BehindCameraException

Exception thrown when the projection point is behind the camera

struct CameraConfig{S} <: RunwayLib.AbstractCameraConfig{S}

Camera configuration with reference frame S being either :offset or :centered. Check Camera Model for further explanation.

Fields

• focal_length_px::Unitful.Quantity{Float64, NoDims, Unitful.FreeUnits{(pixel,), NoDims, nothing}}

• image_width::Unitful.Quantity{Float64, NoDims, Unitful.FreeUnits{(pixel,), NoDims, nothing}}

• image_height::Unitful.Quantity{Float64, NoDims, Unitful.FreeUnits{(pixel,), NoDims, nothing}}

Examples

using RunwayLib, Unitful.DefaultSymbols, Rotations
cam_pos = WorldPoint(-10m, 0m, 0m)
cam_rot = RotZYX(zeros(3)...)
world_pt = WorldPoint(0m, 0m, 0m)

focal_length = 25mm
pixel_size = 5μm/px
camconf_centered = CameraConfig{:centered}(focal_length, pixel_size, 4096.0px, 2048.0px)
project(cam_pos, cam_rot, world_pt, camconf_centered); nothing

CameraConfig{S}(
    focal_length::WithDims(mm), pixel_size::WithDims(mm / px),
    image_width::WithDims(px), image_height::WithDims(px)
)

Convenience constructor for CameraConfig taking focal length and pixel size separately.

struct CameraMatrix{S,T<:WithDims(px)} <: AbstractCameraConfig{S}

Camera model using 3x3 projection matrix with uniform pixel units. The reference frame S can either be :offset or :centered.
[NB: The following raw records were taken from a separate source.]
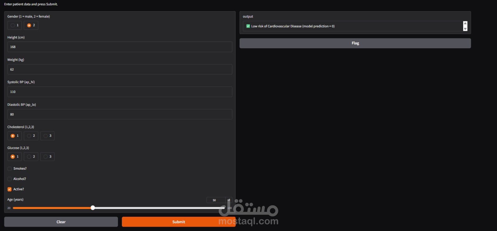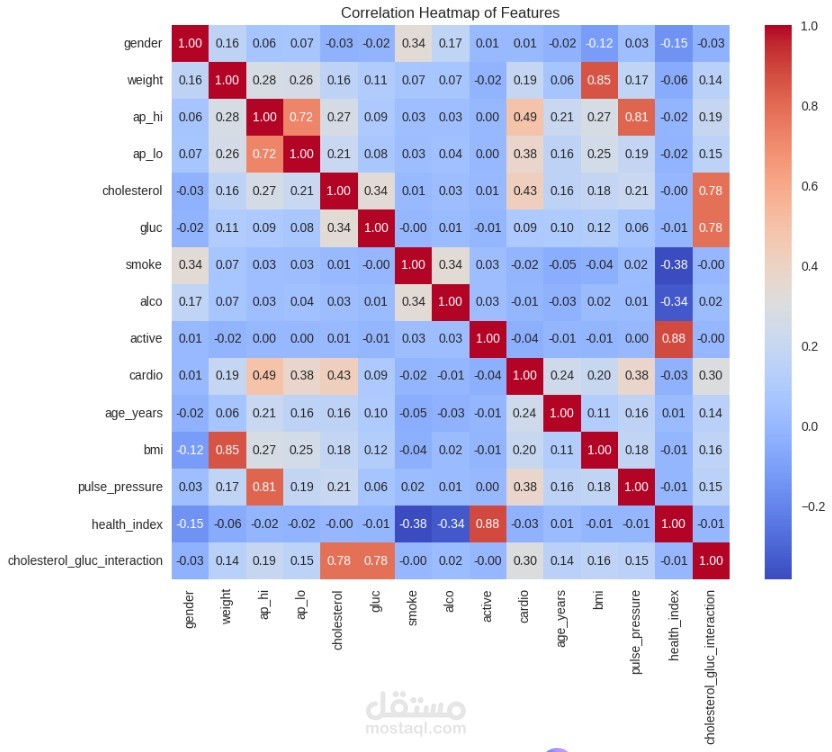 مشروع يعتمد على خوارزميات تعلم الآلة لتحليل بيانات المرضى والتنبؤ باحتمالية الإصابة بأمراض القلب.
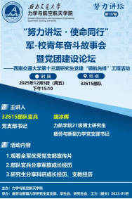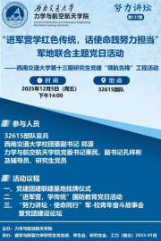 组织师生党员走进32615部队营区,开展“进军营学红色传统,话使命践努力担当”军地联合主题党日活动。本次活动也是疲劳与断裂力学党支部建设第十三期研究生党建“领航先锋”工程的生动实践。32615部队官兵代表,学院党委书记栗民、校团委副书记郑源、学院党委副书记孔祥彬,及师生党员代表共30余人参与活动。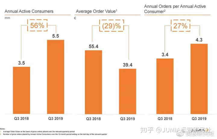 根据Jumia运营研习社披露的数据,Jumia平台的订单均价降低29%,由过去的均价55.4欧元,降低至39.4欧元。这意味着更多低价品类以及低价产品得到快速的发展,在总订单量同比增长幅度不大甚至略微下滑的情况下,总成交金额就下降得比较快,导致第三季度下跌了46%之多。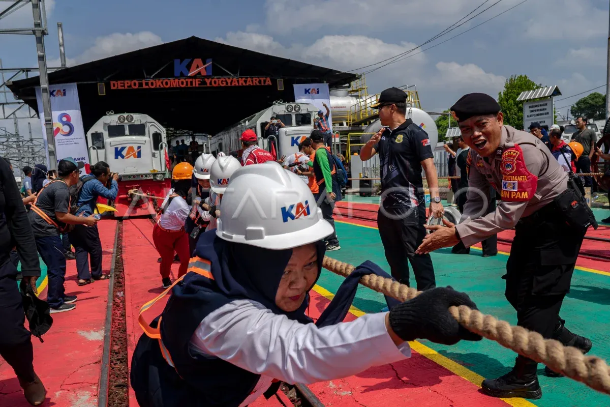 Peserta menarik lokomotif dengan tali saat lomba tarik lokomotif di Depo Lokomotif PT Kereta Api Indonesia (KAI) Daop 6 Yogyakarta, Rabu (27/9/2023). Acara yang diikuti dari berbagai instansi mulai dari Polisi, Dishub, Dinas Pariwisata hingga awak media itu menjadi rangkaian kegiatan perayaan HUT ke-78 KAI. ANTARA FOTO/Andreas Fitri Atmoko/rwa.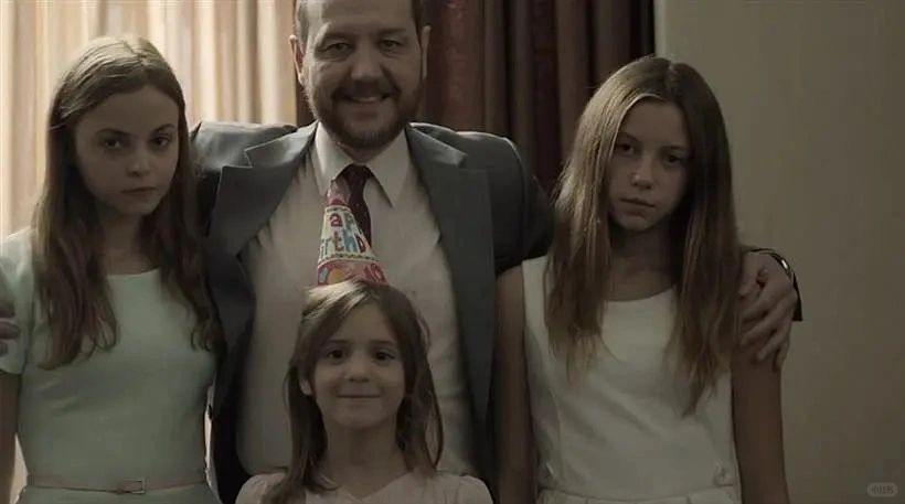 这是表现上看氛围十分融洽,但每个人脸上都写着麻木的一家人,很显然,瑟米斯饰演的父亲在家中扮演着十分不可描述的地位,就连电视台播放的节目都是关于猴王的动物世界。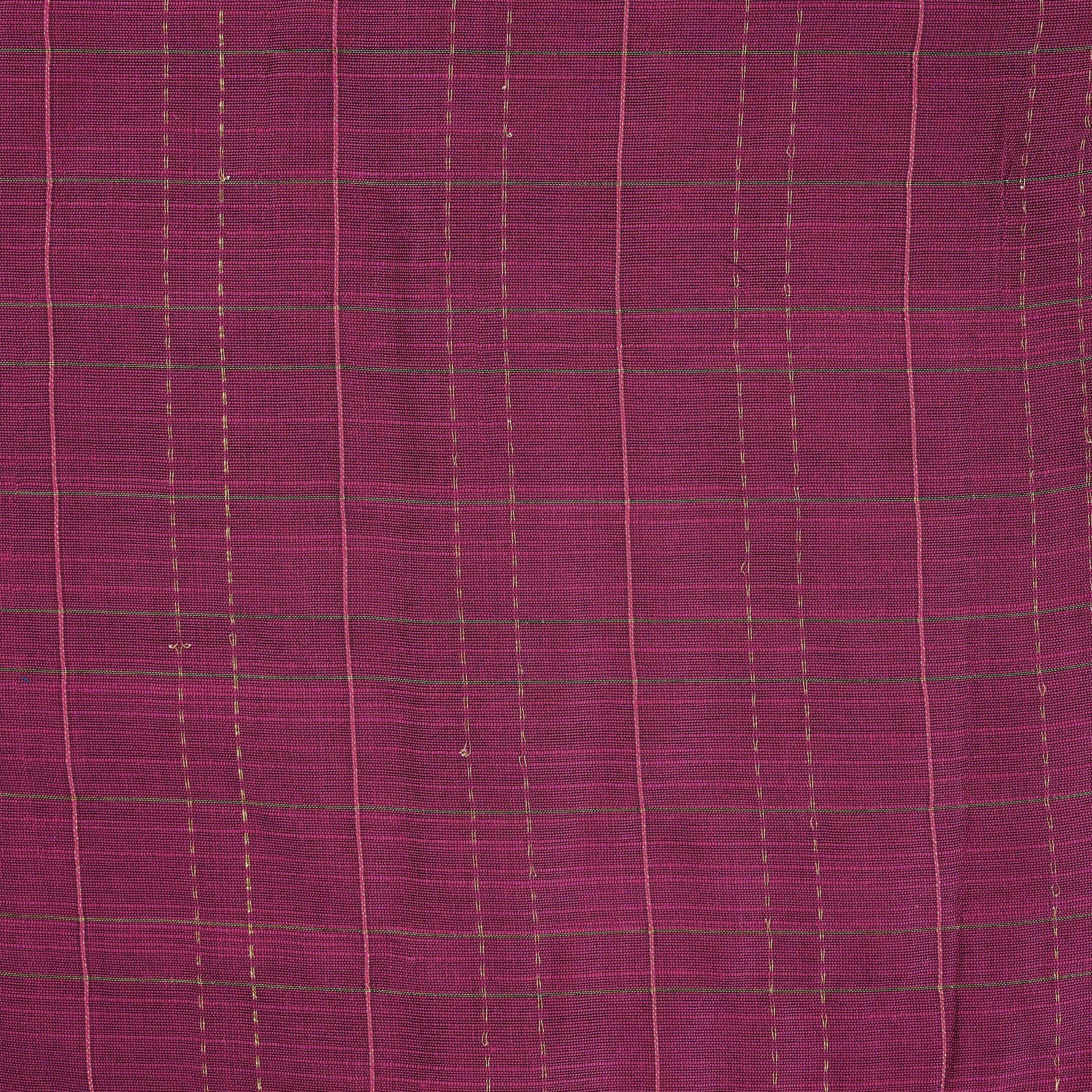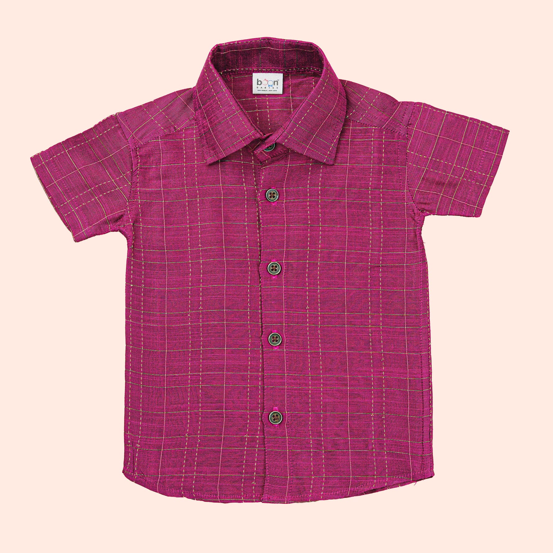 The shirt features a vibrant pink–magenta base with golden-thread multi-check weaving, adding a luxurious festive shine. The straight collar gives a neat, smart, and traditional finish—perfect for cultural celebrations and outdoor festive functions.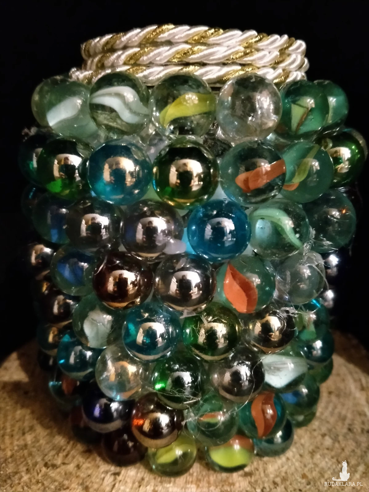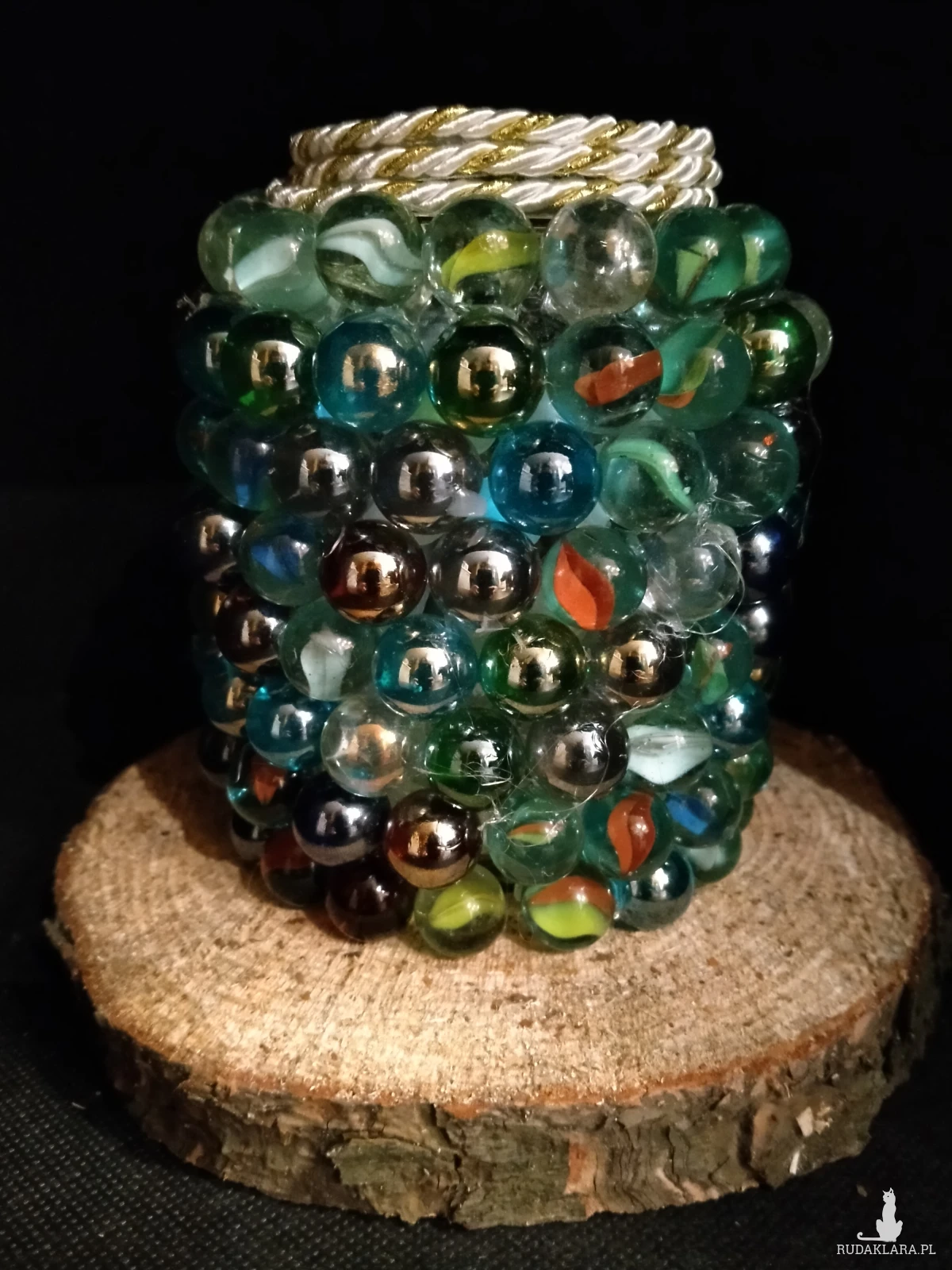 Ręcznie dekorowany lampion ze szklanego słoika, do dekoracji wykorzystałam szklane kulki dekoracyjne,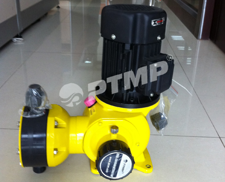 電機(jī)經(jīng)聯(lián)軸器帶動(dòng)蝸桿并通過蝸輪減速使主軸和偏心輪作回轉(zhuǎn)運(yùn)動(dòng),由偏心輪帶動(dòng)挺桿在導(dǎo)筒內(nèi)作往復(fù)運(yùn)動(dòng)。連 同柱塞,通過單向閥的作用使泵腔內(nèi)逐漸形成真空,吸入閥打開,吸入液體;當(dāng)柱塞向前死點(diǎn)移動(dòng)時(shí),此時(shí)吸入閥關(guān)閉 ,排出閥打開,液體在膜片的推動(dòng)下排出。在泵通過調(diào)節(jié)一定的行程的往復(fù)順還工作形成連續(xù)有壓力、定量的排放液體 。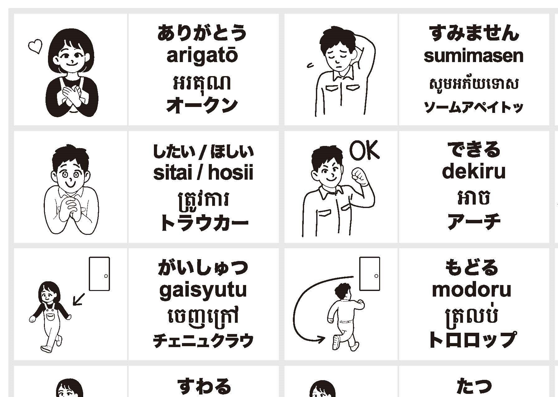 一般的な仕事で使われる頻度の高い言葉100語の、クメール語(カンボジアの母国語)と日本語とイラストをまとめたA2サイズ(420mm×594mm)の合成紙ポスターです。外国人の方との交流、日本語/クメール語学習の補足教材などにお使いください。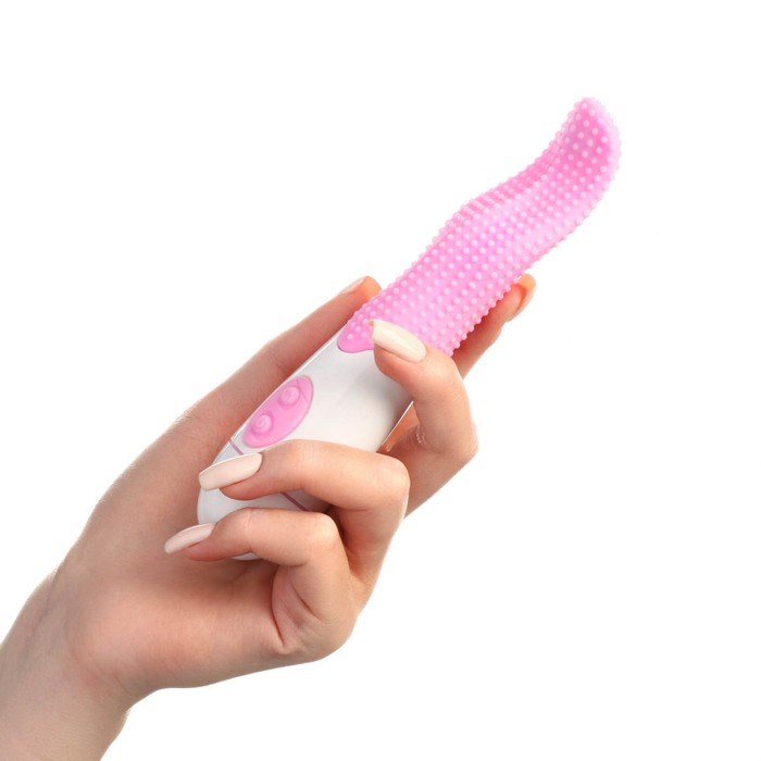 Вибратор с ротацией "Язык" выполнен из медицинского силикона. Изгиб вибратора позволяет простимулировать точку G, также можно использовать вибратор для стимуляции клитора. Игрушка имеет две кнопки, первой можно выключить и включить вибратор , вторая позволит менять режим вибрации, их всего 12 .

See Camera Model for more explanation.

Examples

using StaticArrays, RunwayLib
f_px = 5e6px  # focal length in pixels
cx, cy = 2048px, 1024px
matrix = SA[
    -f_px   0px  cx
    0px   -f_px  cy
    0px   0px   1px
]
CameraMatrix{:offset}(matrix, 2cx, 2cy); nothing

Related Functions

See also project.

CameraPoint{T} <: FieldVector{3, T}

Point in camera coordinate system.

Fields

• x::T: Camera forward direction (positive towards scene)
• y::T: Camera right direction (positive to the right)
• z::T: Camera down direction (positive downward)

Units

Typically uses meters (u"m") for all coordinates.

Coordinate System Convention

• X-axis: Forward (into the scene)
• Y-axis: Right (to the right of the camera)
• Z-axis: Down (downward from camera)

This follows the standard computer vision convention.

Examples

# Point 10m in front of camera, 2m to the right, 1m below
cp = CameraPoint(10.0u"m", 2.0u"m", 1.0u"m")

# Access coordinates
println("Forward: ", cp.x)
println("Right: ", cp.y)
println("Down: ", cp.z)

LineFeatures{T, T′′, S, WL, OL, CC, M, M′}

Line feature observations and noise model for pose estimation.

Fields

• world_line_endpoints: Vector of pairs of WorldPoints defining lines in world space
• observed_lines: Vector of Line objects (r, theta) from observations
• camconfig: Camera configuration
• cov: Covariance matrix for observation errors
• Linv: Inverted lower triangular part of covariance

OptimizationConfig

Configuration parameters for pose estimation optimization.

Fields

• max_iterations::Int: Maximum number of optimization iterations
• convergence_tolerance: Convergence tolerance for residual norm
• step_tolerance: Minimum step size tolerance
• gradient_tolerance: Gradient norm tolerance for convergence

Examples

config = OptimizationConfig(
    max_iterations = 100,
    convergence_tolerance = 1e-6*1pixel,
    step_tolerance = 1e-8,
    gradient_tolerance = 1e-6
)

PointFeatures{T, T′, T′′, S, RC, OC, CC, M, M′}

Point feature observations and noise model for pose estimation.

PoseEstimate

Complete pose estimate with position, attitude, uncertainty, and convergence information.

Fields

• position::WorldPoint: Estimated aircraft position in world coordinates
• attitude::RotZYX: Estimated aircraft attitude (yaw, pitch, roll)
• uncertainty::MvNormal: Joint position-attitude uncertainty distribution
• residual_norm: Final residual norm from optimization (with units)
• converged::Bool: Whether optimization converged successfully

Examples

# Create pose estimate
position = WorldPoint(500.0u"m", 10.0u"m", 100.0u"m")
attitude = RotZYX(0.1, 0.05, 0.02)  # Small attitude angles
uncertainty = MvNormal(zeros(6), I(6))  # 6-DOF uncertainty
residual_norm = 0.5*1pixel
converged = true

pose_est = PoseEstimate(position, attitude, uncertainty, residual_norm, converged)

# Access components
println("Position: ", pose_est.position)
println("Attitude: ", pose_est.attitude)
println("Converged: ", pose_est.converged)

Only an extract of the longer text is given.